The company’s perfectionism means that it is losing money on early products — Fuchiko’s elbow sockets are hand-painted, which is a detail that most people will never notice — but over the years, it has learned to not sacrifice quality The situation drops and the cost is low.

Nonetheless, these toys are still a labor of love — high-end licensed toys for adult collectors — to subsidize their capsule business.

Keita Nishimura, CEO of another gashapon maker Toys Spirits, described the process of designing toys as a semi-art and semi-engineering challenge.

This is a three-dimensional haiku defined by price (cheaper enough to sell for a few coins) and size (capsules are usually about two inches wide).

In Toys Spirits, the focus is on available items. Recent hot products include water coolers that dispense ant-sized droplets and ice shaver machines that make real shaved ice-syrup is not included.

In order to seek the greatest degree of authenticity, both of Nishimura’s toys have obtained kitchen safety certification from the Japanese Food Safety Regulatory Agency.

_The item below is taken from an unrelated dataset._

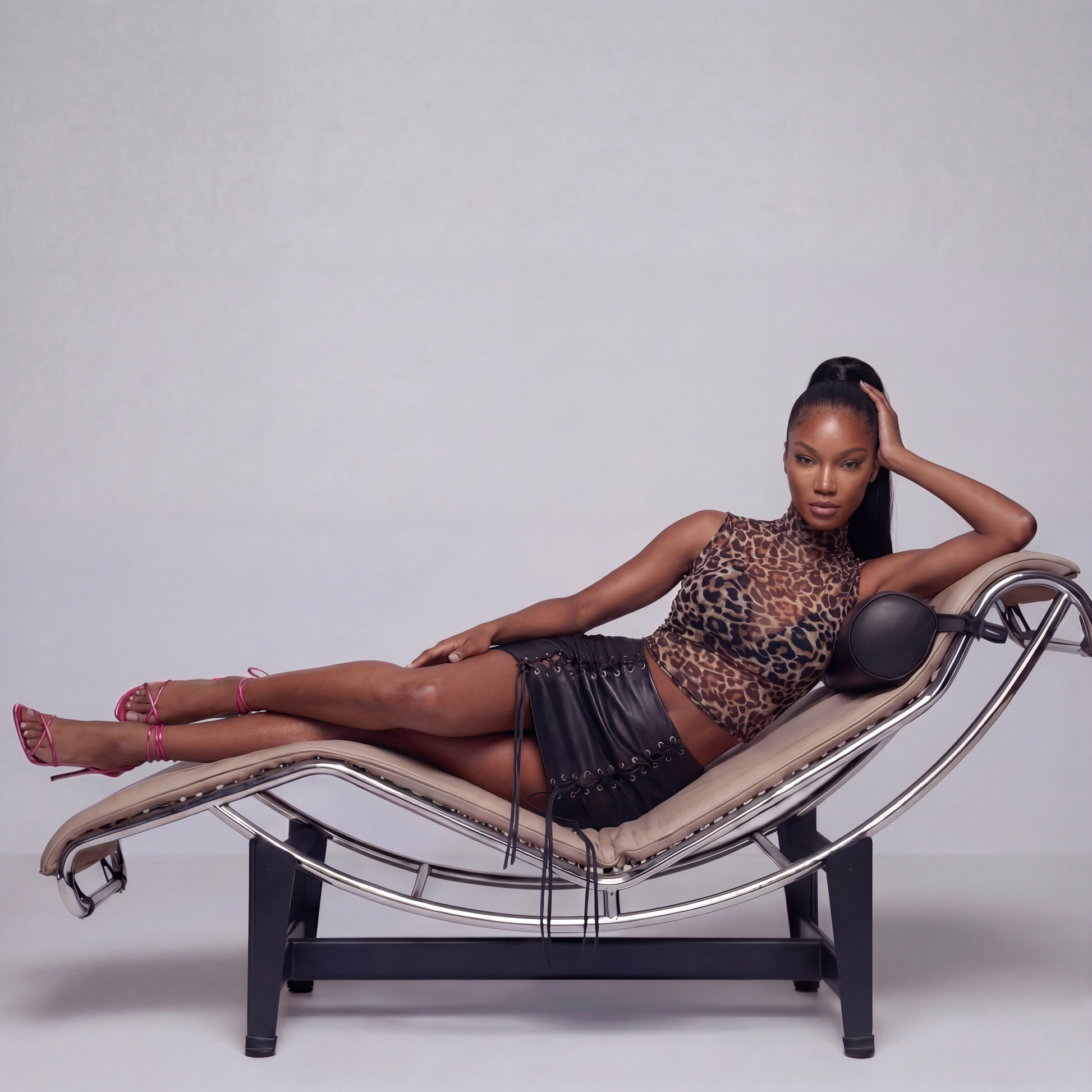 Sheer, sculpted draped-neck silhouette that brings high-impact attitude with zero effort. Crafted from ultra-light stretch mesh, this top contours the body while letting the print steal the spotlight: a rich, dimensional leopard pattern that feels both fierce and undeniably refined.
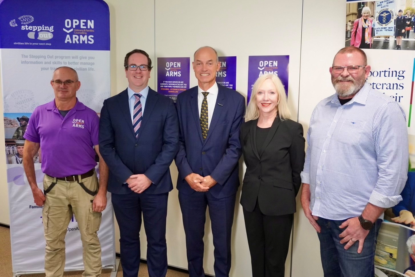 Image L to R: Lived Experience Peer Shane Morgan, Minister Matt Keogh, Tasmanian Minister for Veterans’ Affairs Guy Barnett, Open Arms National Manager Leonie Nowland and DVA Chief Psychiatrist Dr Jon Lane

He said that doing big things is easy, but doing small things is difficult.

Three years ago, he quit his job in a leading company producing high-end toys to meet the challenge.

Although Nishimura dresses like a Japanese salaryman, when he describes his job, he sounds like Willie Wonka-every empty capsule is a purely imagined world.

"I spent a lot of energy to make each one," he said. "I just keep trying to squeeze some wonderful things in it, something that makes you dream."